TASK PROMPT - Starting at the first line of the data, print every line up to and including the one with "Sendikamızın Batman Şubesi", but no pictures.

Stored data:

%%

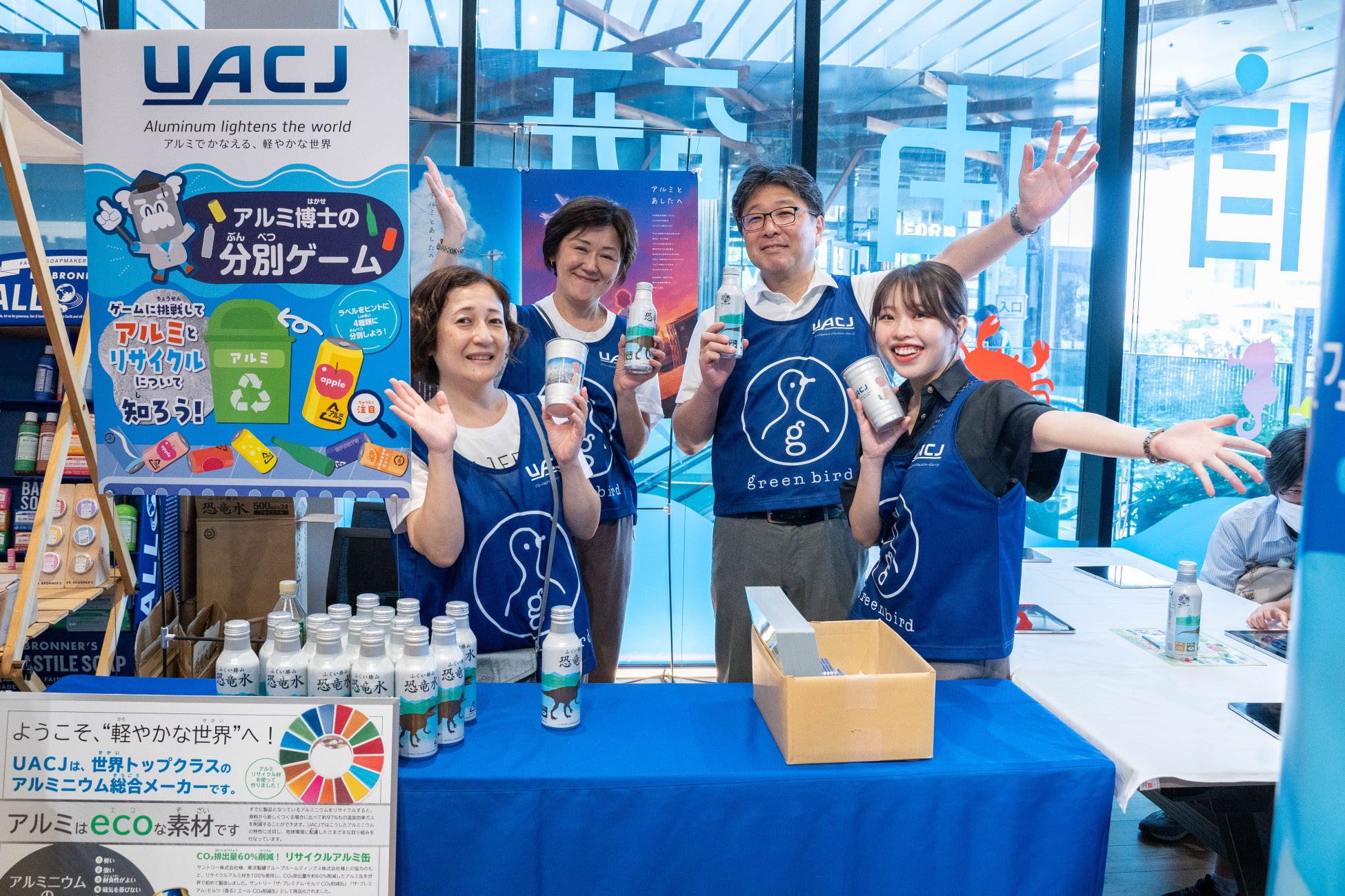 アルミ缶のリサイクルについて、楽しく学べる体験ゲームをご用意!参加者には恐竜水をプレゼント!
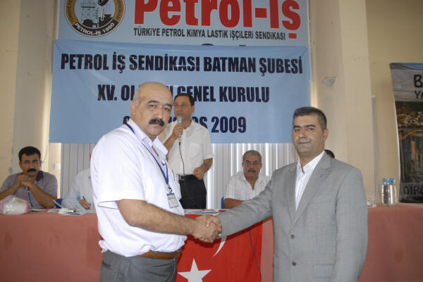 Sendikamızın Batman Şubesi 15. Olağan Kongresi 9 Ağustos 2009 tarihinde Petrol-İş Batman Şubesi Konferans salonu’nda gerçekleştirildi. Genel Kurul’a sendikamız Merkez Yönetim Kurulu üyeleri ve şube başkanlarının yanısıra, Batman Belediye Başkanı Nejdet Atalay, DTP İl Başkanı Ahmet Sormaz ile Batman’daki meslek odaları, sendika, sivil toplum kuruluşları temsilcileri ile delegeler katıldı. Batman Şube Başkanımız Mehmet Doğu ile Şube İdari Sekreterimiz Mustafa Mesut Tekik’in listelerinin yarıştığı genel kurulda seçimleri Mustafa Mesut Tekik’in listesi kazandı. Mustafa Mesut Tekik Batman Şubemizin Yeni Başkanı olurken, Şube İdari Sekreterliğine Sertip Özdemir, Şube Mali Sekreterliğine Kemal Bilir seçildi. Yönetim kurulu asil üyelikleri ise Resul Asutay, Mazhar Kaya, Mahmut Kürekçi ve Şeyhmus Kaygusuz’dan oluştu.
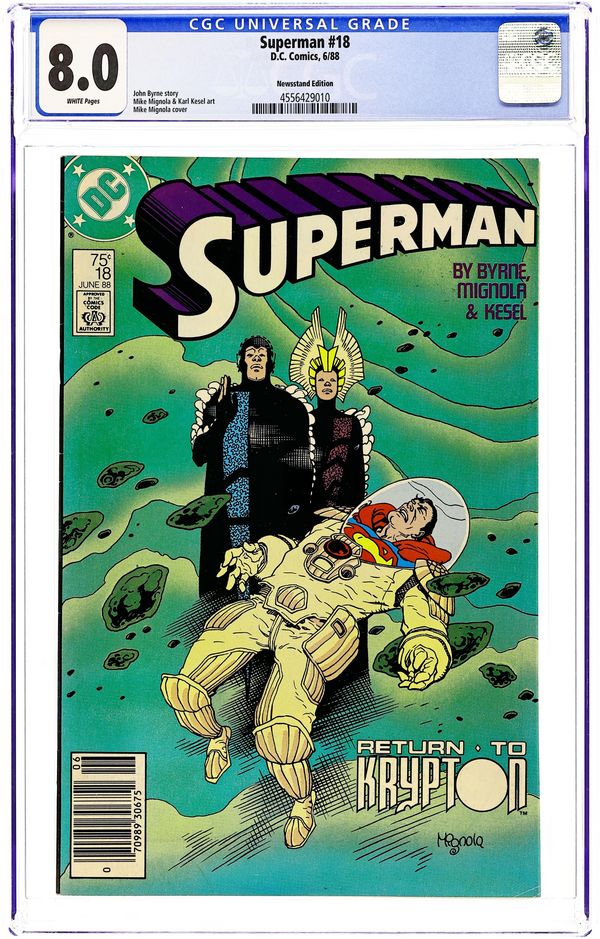 Newsstand Edition. "Return to Krypton!" Guest-starring Hawkman and Hawkwoman. Story by John Byrne. Art by Mike Mignola and Karl Kesel. Cover by Mike Mignola. Story continued from Action Comics #600. In order to save his life, Superman must return to the one place he never thought he'd see - the planet Krypton. Here the Man of Steel will embark on a much needed sojourn. Once done, the Last Son of Krypton will have a better understanding of who he is, where he comes from, and his place in the universe. Cover price $0.75.
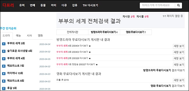 여기서 중요한 점은 '띄어쓰기'를 확실히 해서 검색을 하셔야 합니다. 예를 들어, '부부의세계'라고 붙여 쓰면 검색이 안됩니다. 반드시 '부부의 세계'라고 띄어 쓰시던지 아니면 그냥 '부부의'만 적고 검색하시면 유사 프로그램이 모두 검색됩니다.
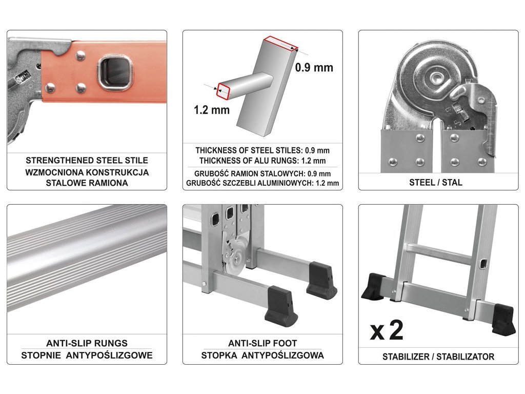 Boky žebříku jsou vyrobeny z ocelových profilů 0,9 mm, které jsou pevnější než hliník stejného provedení. Příčky jsou pak hliníkové o tlouště stěny 1,2 mm a jejich povrchy je protiskluzový. Pro vysokou stabilitu je na každé straně žebříku stabilizátor s gumovými nohami.
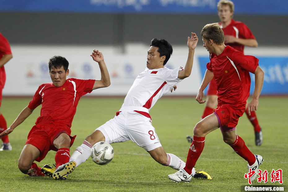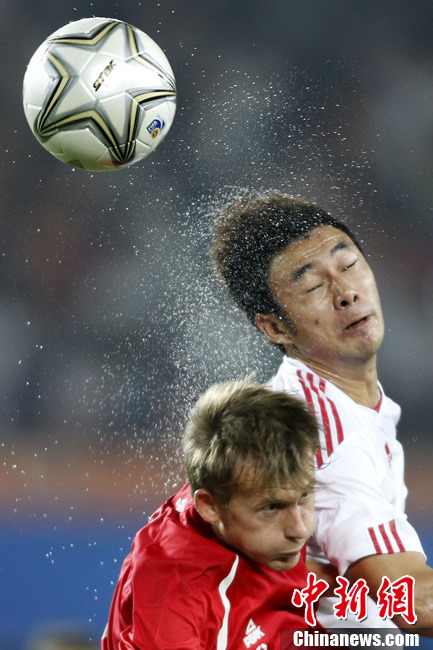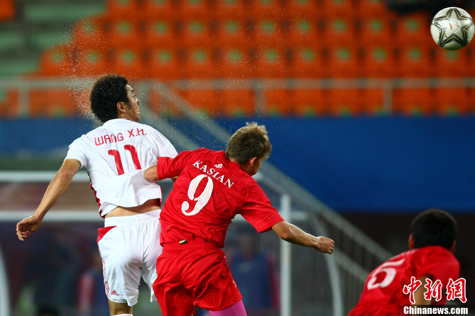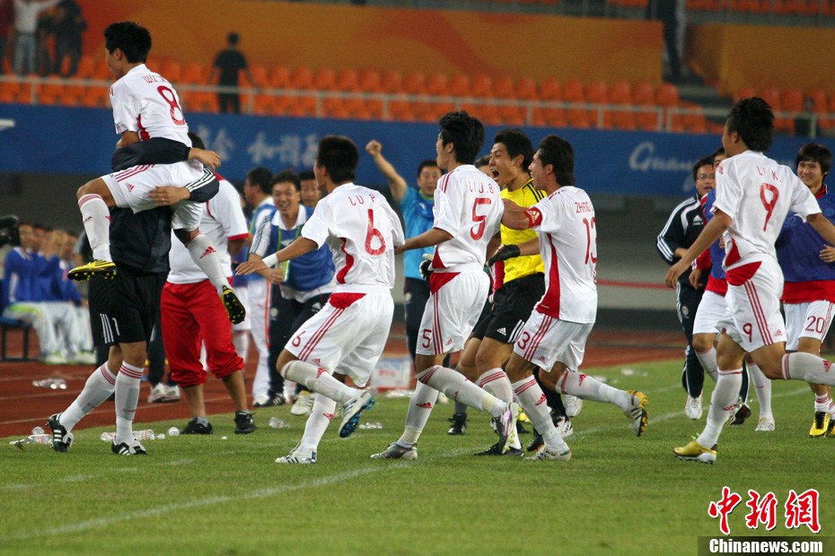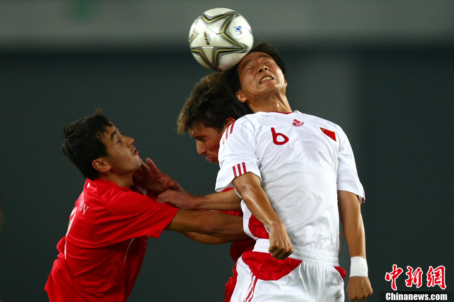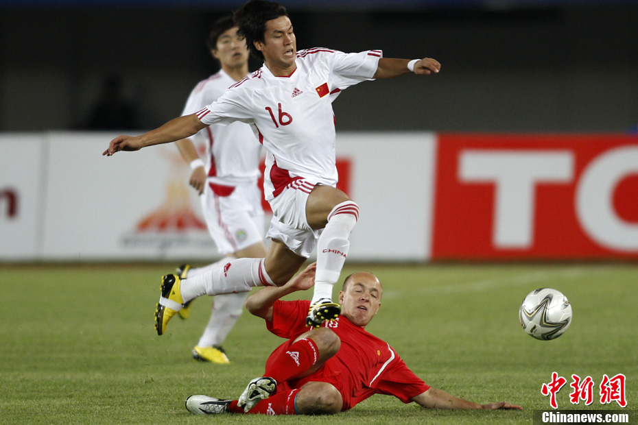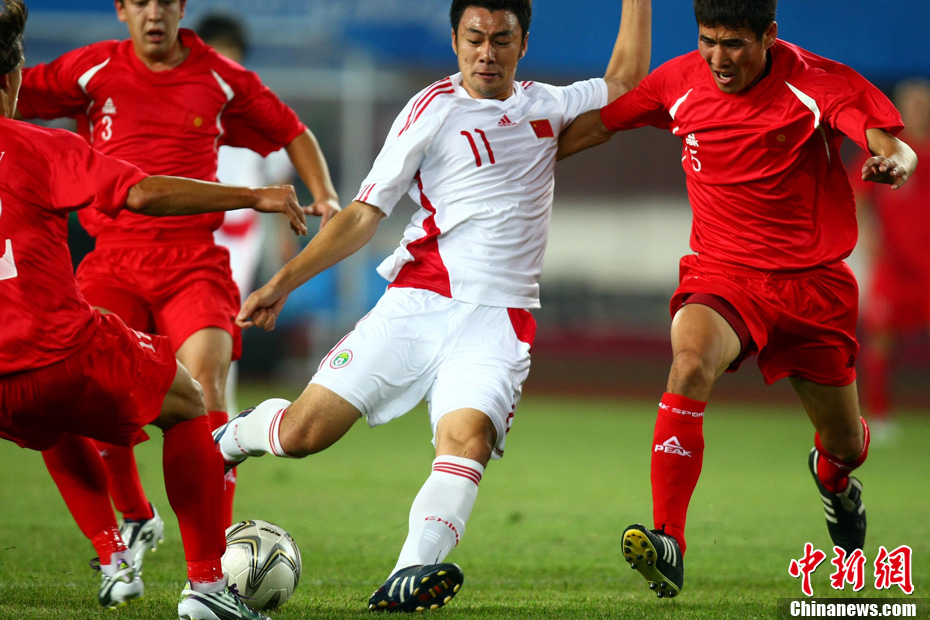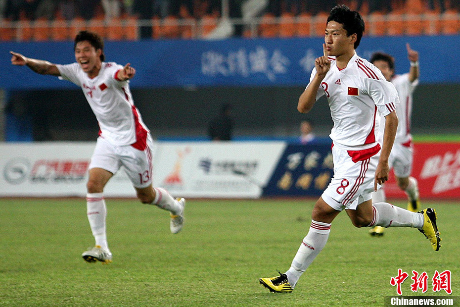 11月10日晚,廣州亞運會男子足球小組賽A組第19場中國與吉爾吉斯斯坦的比賽在廣州天河體育場進行,最終中國隊2:1戰勝吉爾吉斯斯坦隊。中新社記者 富田 攝
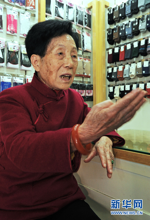 78歲的義烏小商品市場(chǎng)第一代經(jīng)營戶馮愛倩講述創(chuàng)業(yè)經(jīng)歷(10月25日攝)。新華社記者 譚進(jìn) 攝
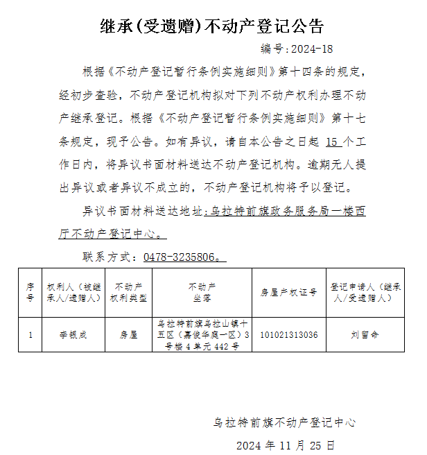 来源:乌拉特前旗不动产登记中心
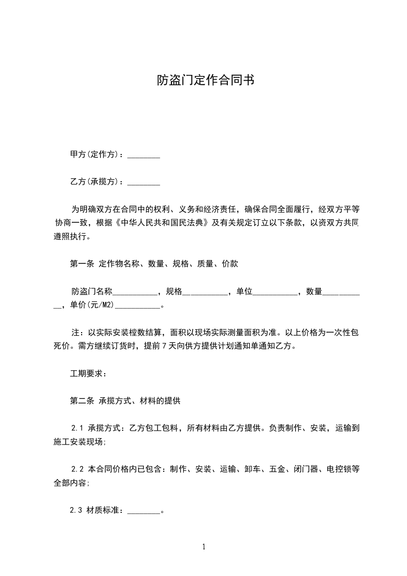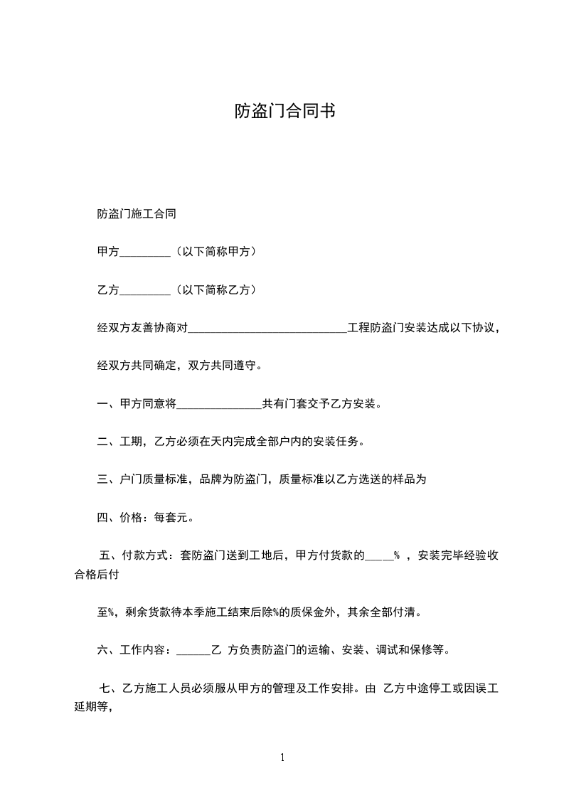 防盗门名称___________,规格___________,单位___________,数量___________,单价(元/M2)___________。
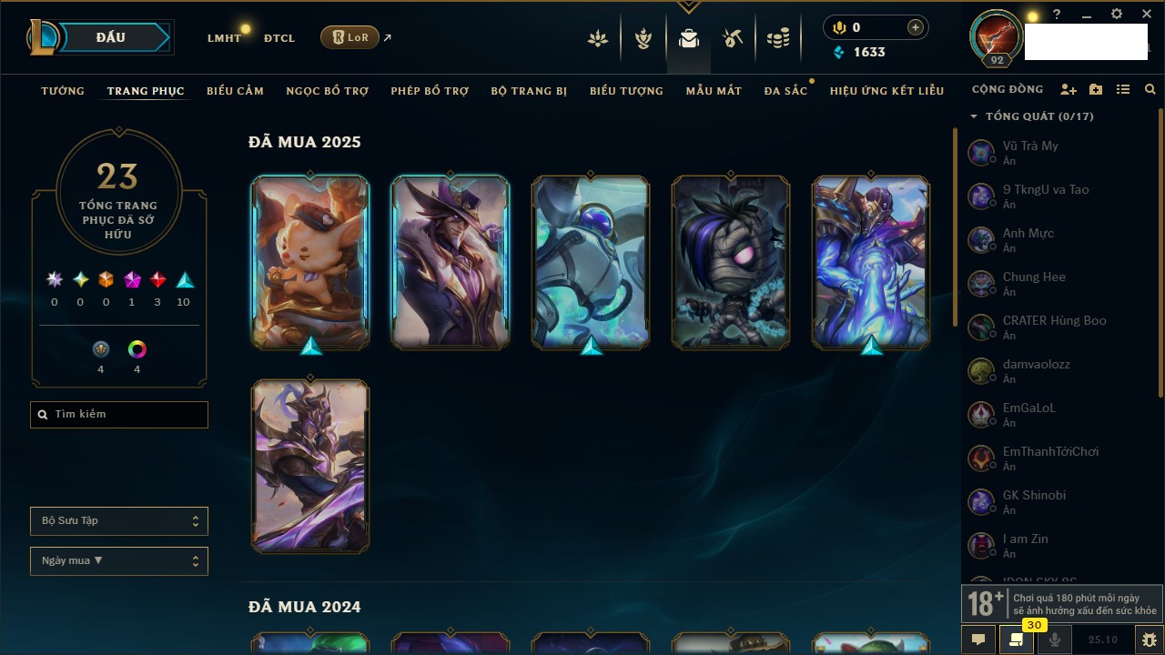 Rank Đơn: Vàng IVKhung: VàngTướng: 158 - Còn 85629 THXTrang Phục: 163Rank ĐTCL: Chưa RankLinh Thú: 177
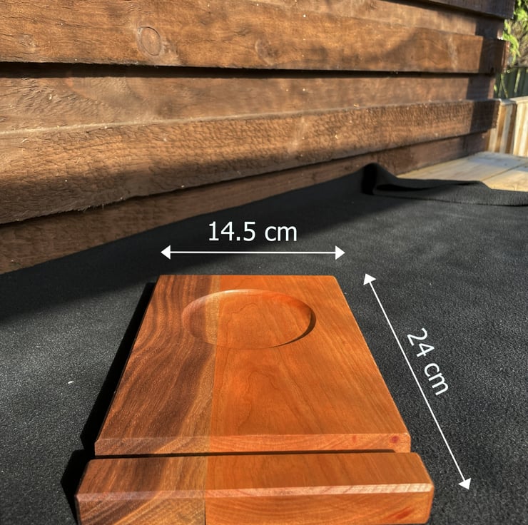 The stand is made from 20 mm thick solid hardwood, giving it a stable weight and a secure presence on the surface. The surfaces are carefully sanded and finished with Danish oil to enhance the natural grain and maintain a warm matte character.

%%

THE COMPLETED TASK -
 アルミ缶のリサイクルについて、楽しく学べる体験ゲームをご用意!参加者には恐竜水をプレゼント!
 Sendikamızın Batman Şubesi 15. Olağan Kongresi 9 Ağustos 2009 tarihinde Petrol-İş Batman Şubesi Konferans salonu’nda gerçekleştirildi. Genel Kurul’a sendikamız Merkez Yönetim Kurulu üyeleri ve şube başkanlarının yanısıra, Batman Belediye Başkanı Nejdet Atalay, DTP İl Başkanı Ahmet Sormaz ile Batman’daki meslek odaları, sendika, sivil toplum kuruluşları temsilcileri ile delegeler katıldı. Batman Şube Başkanımız Mehmet Doğu ile Şube İdari Sekreterimiz Mustafa Mesut Tekik’in listelerinin yarıştığı genel kurulda seçimleri Mustafa Mesut Tekik’in listesi kazandı. Mustafa Mesut Tekik Batman Şubemizin Yeni Başkanı olurken, Şube İdari Sekreterliğine Sertip Özdemir, Şube Mali Sekreterliğine Kemal Bilir seçildi. Yönetim kurulu asil üyelikleri ise Resul Asutay, Mazhar Kaya, Mahmut Kürekçi ve Şeyhmus Kaygusuz’dan oluştu.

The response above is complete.